91Ó°ÊÓ

When studying sequences, understanding their limit is crucial. A sequence \( \{a_n\} \) consists of a list of numbers, each corresponding to a natural number \( n \). Intuitively, the limit of a sequence refers to the value the terms of the sequence approach as \( n \) becomes very large. If a sequence approaches a specific value, it is said to converge, and that specific value is the limit.
In the given sequence \( \{a_n\} \) where \( a_n = \frac{(-4)^n}{n!} \), we analyze the behavior as \( n \) approaches infinity. This involves evaluating the expression for extremely large \( n \).
The concept of a limit helps determine if a sequence converges or diverges:

• If it converges, it means the terms settle around a particular number, which is its limit.
• Conversely, if it diverges, the sequence doesn't settle around any number and may approach infinity or oscillate indefinitely.

For \( a_n = \frac{(-4)^n}{n!} \), the sequence converges to zero because the denominator grows much faster than the numerator.

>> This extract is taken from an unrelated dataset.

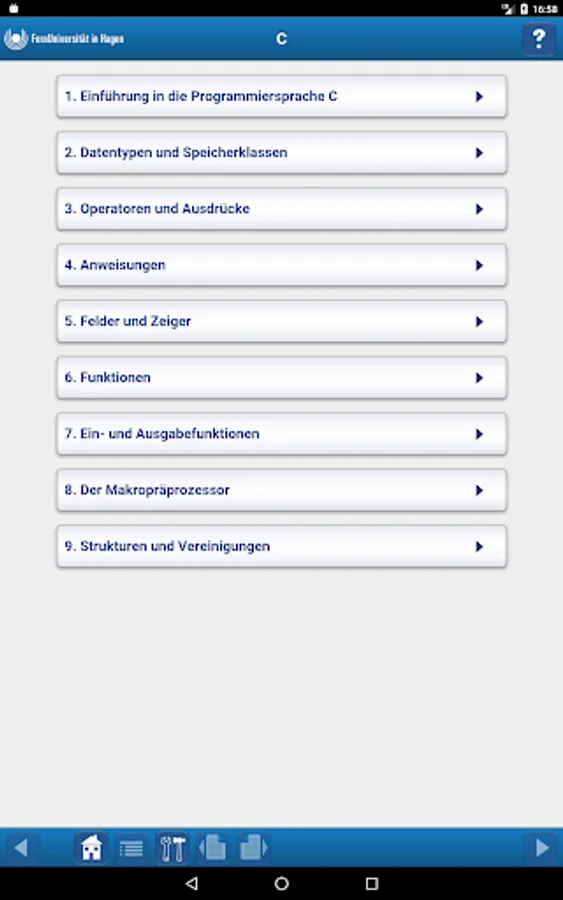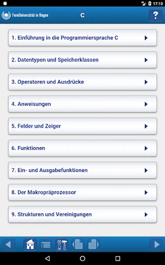 In the first chapter, in addition to the historical development, an overview of the basic features of the programming language C is given. It deals with the lexicon of the programming language and the structure of programs, generally referred to as functions in C.

Factorial growth is a type of rapid growth that occurs when numbers are multiplied progressively larger integers. The factorial of a number \( n \), denoted as \( n! \), is the product of all positive integers less than or equal to \( n \). This characteristic leads to extremely fast growth rates.
For instance, consider the numbers:

• \( 3! = 3 \times 2 \times 1 = 6 \)
• \( 4! = 4 \times 3 \times 2 \times 1 = 24 \)
• \( 5! = 5 \times 4 \times 3 \times 2 \times 1 = 120 \)

As \( n \) increases, \( n! \) becomes extraordinarily large. In our sequence \( a_n = \frac{(-4)^n}{n!} \), the factorial in the denominator indicates that it grows much faster than the exponential growth in the numerator, \((-4)^n\), contributing to the sequence converging towards zero.

Exponential growth is characterized by a quantity growing at a consistent relative rate over equal time periods. In mathematical terms, an exponential function has the form \( b^n \), where \( b \) is a constant base and \( n \) is the exponent. This type of growth can be faster than linear growth but is generally slower than factorial growth for large \( n \).
Consider the sequence given as \( a_n = \frac{(-4)^n}{n!} \). The \((-4)^n\) part represents exponential growth:

• For \( n = 1 \), \( (-4)^1 = -4 \)
• For \( n = 2 \), \( (-4)^2 = 16 \)
• For \( n = 3 \), \( (-4)^3 = -64 \)

The terms grow larger in magnitude with every increase in \( n \). However, when paired with factorial growth in \( n! \), the factorial's rate of increase surpasses the exponential increase by a considerable measure. This relationship leads to the overall sequence \( a_n = \frac{(-4)^n}{n!} \) converging to zero, as the overwhelming growth in the denominator dominates.